OPEN OCEAN DRIFT

cube_chla_curtain.jpg

OPEN OCEAN DRIFT

DEPLOYMENT EXAMPLE

PAYLOAD:

  • RBRmaestro CTD

  • Turner Cyclops 7-F ChlA

  • Turner Cyclops 7-F CDOM

  • Turner Cyclops 7-F Turbidity

  • JFE RINKO III Dissolved Oxygen Sensor

  • Nortek Signature1000

  • OSU chi-pod

INSTITUTION:

Scripps Institution of Oceanography, MOD Lab

DEPLOYMENT LOCATION:

Bay of Bengal

SCIENTIFIC SUMMARY:

The upper-ocean responds to, and influences, the atmosphere across a range of time scales. It is also home to important biogeochemical transformations that modulate the ocean’s impact on the carbon cycle, drives its productivity, and thus influence global fisheries, and controls the ventilation (oxygenation) of the ocean interior.  

Shown in Figure 1 is a 13-day Wirewalker drift deployment in a mesoscale eddy, and through a fresh filament in the Bay of Bengal. The Wirewalker performed 2,414 profiles to a depth of 100m that allowed for quantitative characterization of the vertical fluxes of heat and salt. The plot shows temperature (oC), salinity (PSU), chlorophyll-a (ug/L), and turbulent kinetic energy (W/kg). It was determined that the upper-ocean stratification was dominated by salinity, which is ultimately derived from freshwater input at the boundary of the basin and from the atmosphere. Turbulent exchanges between the upper ocean and the stratified interior were generally weak. Near inertial shear was elevated at the base of the mixed layer but not between the barrier layer and the continuously stratified interior.

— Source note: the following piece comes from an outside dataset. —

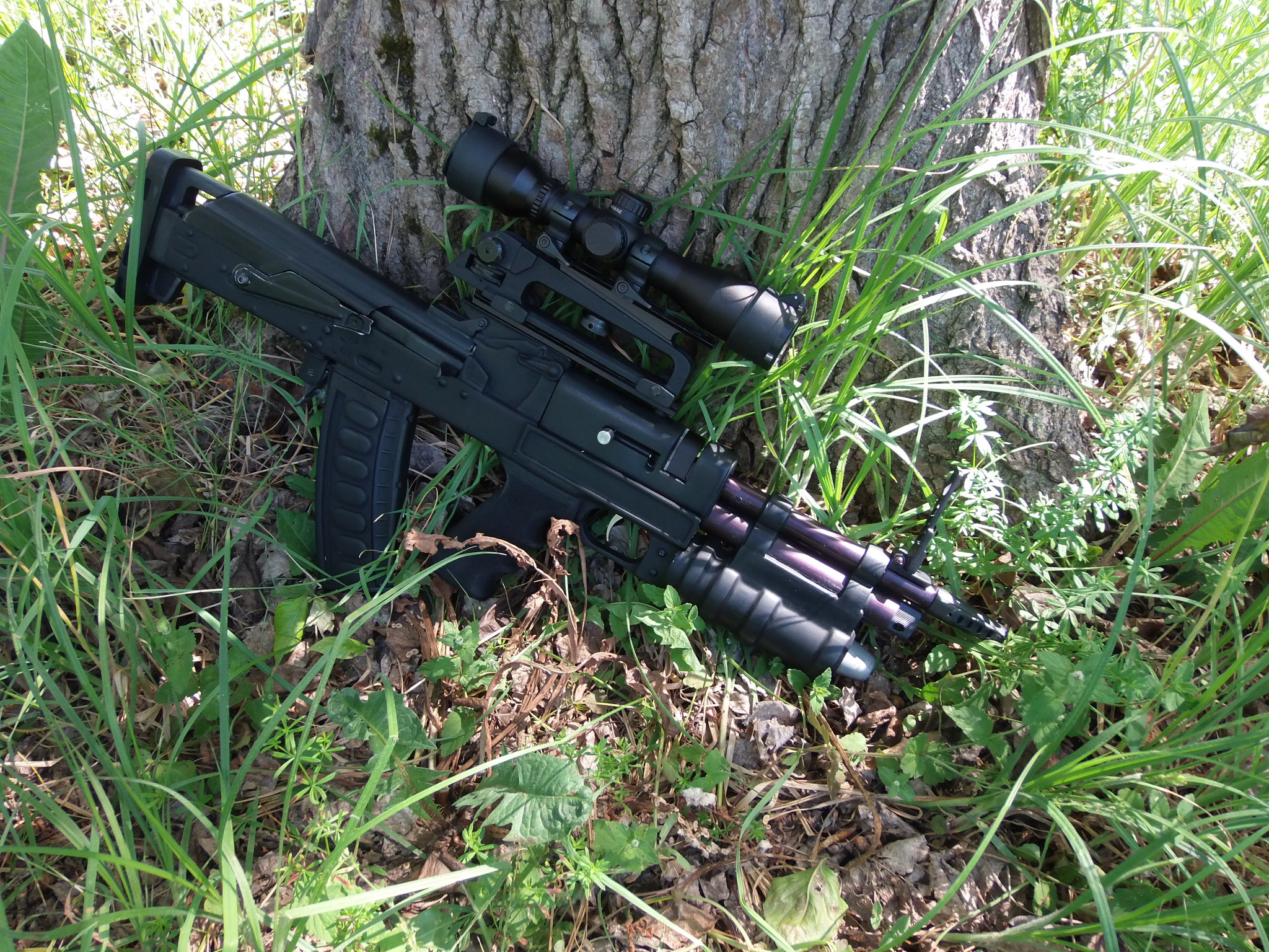Магазин фиксируется отлично-с замком долго возился,но сделал чтобы всё было чин чинарём! Ну и вот! И этот модуль несёт какую-то функциональность! Наличие запасного барабанчика снаряжённого,позволит съэкономить время на перезарядке. А наличие запасного баллончика с кислотой в подствольнике даст возможность ещё больше пострелять!К слову с одного баллончика пулей кал.5,5мм и весом 0,87г мне удавалось сделать более 40 выстрелов.

This suggests that multi-layer stratification may dampen the capacity of near-inertial oscillations to drive vertical exchange in the upper ocean in salinity structured systems such as the Bay of Bengal.

 

Figure 1 - 13-day Wirewalker drift deployment in a mesoscale eddy, and through a fresh filament in the Bay of Bengal.